▶ _INFORMATION SHOWN_:

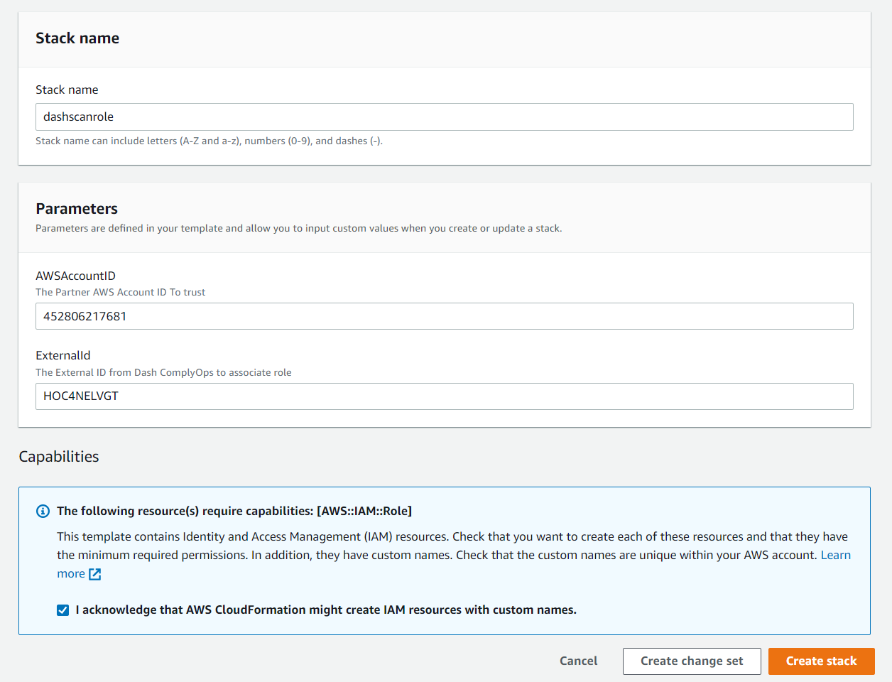 Stack Name = dashscanrole (or name selected by you)
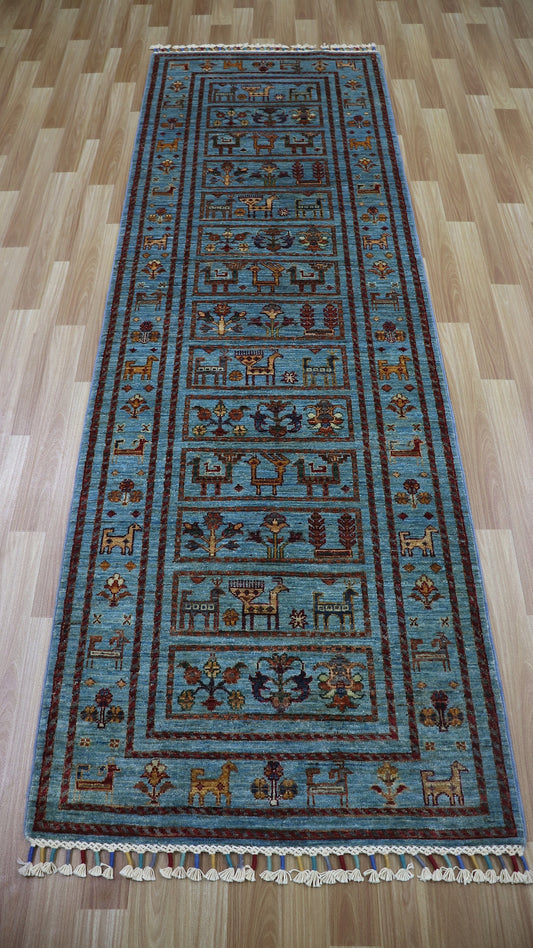 8 Ft Animal Print Runner Rug, Blue Afghan Hand Knotted Wool Traditional Rectangle Carpet, Entryway Rug, Hallway Rug, Kitchen Rug, Foyer Rug
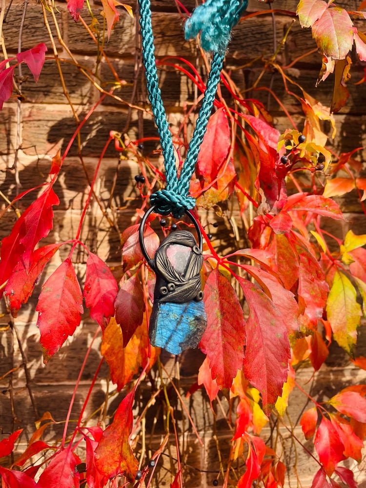 This beauty will come reiki blessed & cleansed. Hanging on a teal silk thick rope necklace

▶ _TASK INSTRUCTIONS_:
A word-for-word copy of the data above is needed, one that omits the pictures.

▶ _EXERCISE OUTPUT_:
 Stack Name = dashscanrole (or name selected by you)
 8 Ft Animal Print Runner Rug, Blue Afghan Hand Knotted Wool Traditional Rectangle Carpet, Entryway Rug, Hallway Rug, Kitchen Rug, Foyer Rug
 This beauty will come reiki blessed & cleansed. Hanging on a teal silk thick rope necklace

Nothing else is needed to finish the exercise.